Certa vez, já no final de 2020, voltando com as aulas presenciais da faculdade, ainda em meio à pandemia, eu me vi, dentro da Unidade Básica de Saúde da Família, em uma situação que me causou incômodo. Não, não foi falta de respeito entre médico e paciente nem nada tão polêmico assim, mas é um assunto que me fez questionar muito a abordagem do profissional de saúde junto do paciente e, inclusive, o processo de formação dos alunos de medicina, no qual eu me incluo.

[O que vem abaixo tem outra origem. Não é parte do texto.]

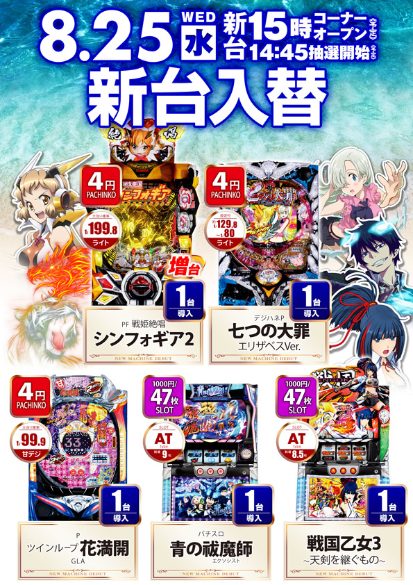 8月25日新台OPEN予定🌟🌟詳細はこちら👈👈👈

Toda terça-feira pela manhã, em pequenos grupos, frequentamos o posto de saúde para realizarmos nossas aulas práticas e conhecermos melhor a realidade da Atenção Básica no Brasil. Neste dia em especial, pedi para acompanhar a vacinação na unidade em que estou alocado, a fim de entender a dinâmica, tirar dúvidas e contribuir de alguma forma com o processo todo. Pedido feito, pedido atendido!
Na sala de vacinação, estávamos eu, duas técnicas de enfermagem e mais uma colega de turma. O postinho naquela manhã não estava tão lotado quanto de costume e os pacientes em busca de vacinas, por consequência, também não foram muitos. Lembro-me de ter acompanhado apenas três crianças, mas foi o suficiente para observar algumas coisas que podem ser melhoradas.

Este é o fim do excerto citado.